昨日は大津市内で行なわれた『パセージ・リーダー養成』というものを見に行ってきた。『パセージ』(子育てのグループ・セミナー)のリーダー・トレーニングだ。かつて私がやっていたのだが、体力もなくなったし、もういい年だし、後輩に譲った。見学に行くのは今年が初めてだ。なぜなら、今年からはじまったから。さて、うまくできますかどうですか。
3日間連続で講座をするのだけれど、今回私が出たのは最初の30分と、それに続く1時間だけだ。最初の30分には、司会の仕方について考えていることを言った。リーダーさんたちがただちに使える知識ではないかもしれないが、知っておくといつか役に立てることができるだろう。続く1時間は新しい指導者養成担当の話を聴いていた。ちゃんと受け継がれているようで、きわめてうれしい。
アドラー心理学は、主として子供たちに対する育児や教育を中心に発達してきた。大人の問題も扱うけれど、その場合でも、あくまで子供の問題の応用問題として扱う感じだ。
大きな問題点は3つほどある。ひとつは、「親や子供が今まで努力してきた方向に答えはない」という原理だ。たとえば親が子供を叱ってしつけようとしているが、一向に成果があがらないとする。かといって誉めればよいというものでもない。そういう方向では答えは出ないと、最初にまず考えることにする。育児グループを学ぶということは、育児についての考え方ややり方をやめてみて、違う考え方ややり方を学ぶ決心をすることからはじまる。
2番目は、「子供に問題があるというよりは、親が目指している育児の方向に問題がある」という原理だ。子育てのグループに出ると、ある方向に問題を分析するように「勇気づけ」られる。それは、それまで考えてきた育児の方法とは違っている。最初はみんなビックリするのだけれど、そのうち少しずつ納得してくださるようになる。8週間も、毎週毎週「あなたの考え方そのものに問題がある」という意味のことを言われ続けるTと、多くの親は育児の方針を根本的に変えることになる。
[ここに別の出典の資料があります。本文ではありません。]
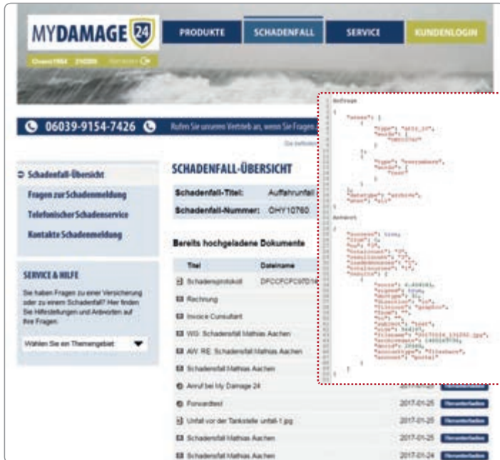
Einfache Umsetzung eines Schadensmeldungsportals einer Versicherung mit integriertem Dokumentenzugriff aus EMA®, der mit wenigen Programmierzeilen per SMART API/SDK erstellt wurde.

3番目は、「子供の問題点を指摘するのが方法ではなく、子供の長所に注目することが方法だ」という原理だ。その結果、親子の対話からネガティブな単語が減ってゆき、相手を思いやるメッセージが増えてくる。『パセージ』という子育てのコースに8週間も出ると、多くの親は変容して、「勇気くじき」をやめて「勇気づけ」をしてくれるようになる。そうしてはじめて、アドラー心理学の育児を学ぶ準備ができたことになる。